The Figure 6 plots the actual outcomes and predicted outcomes for synthetic individual 1 in periods 31 to 35. The 45 degree line represents perfect prediction. The chart shows that our OLS based synthetic control tracks the actual outcomes pretty well.

The issue with this method is that our choice of using the next four individuals is completely arbitrary. We can construct more accurate controls using more individuals.

A “Wide” Data Problem

To understand the issue consider what happens when we use the next 28 simulated individuals.
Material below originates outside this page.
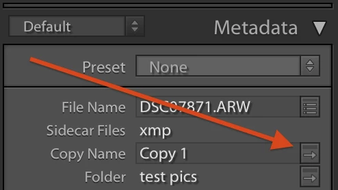 You can click the arrow button to the right of Copy Name in the Metadata panel: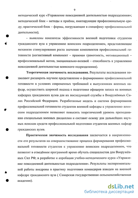 Теоретическая значимость исследования. Результаты исследования позволяют расширить научное представление о формировании профессиональной готовности в условиях современных требований к выпускникам военных кафедр, осуществить широкий подход к подготовке офицеров запаса на военных кафедрах гражданских вузов для их последующей службы в Вооружённых Силах Российской Федерации. Разработанные модель и система формирования профессиональной готовности студентов военной кафедры к управлению воинским подразделением позволяют повысить теоретический уровень преподавания специальных военных дисциплин и составят основу для дальнейших научных поисков средств профессиональной подготовки студентов военных кафедр гражданских вузов.

The loop finds the root mean squared error as each individual up to 28 is added to the regression.

tab_res <- matrix(NA,28,2)
for (i in 2:29) {
  lm1 <- lm(Ys[1:30,1] ~ Ys[1:30,2:i])
  omega_hat <- lm1$coefficients
  res <- Ys[31:35,1] - cbind(1,Ys[31:35,2:i])%*%omega_hat
  tab_res[i-1,1] <- i
  tab_res[i-1,2] <- mean(res^2)^(0.5)
}
# creates a table of the rmse for different numbers of 
# explanatory variables.

Figure 2: Plot of root mean squared error for randomly choosing from the non-treated individuals.

The Figure 2 presents a measure of predictive ability of the synthetic control. The chart uses root mean squared error of the difference between the actual outcome and the predicted outcome. The chart suggests that the prediction is optimized when 5 to 10 other individuals are used. The prediction gets slowly worse as more individuals are used. Why would that be? Then around 25, the prediction starts to go off the rails. Why is that?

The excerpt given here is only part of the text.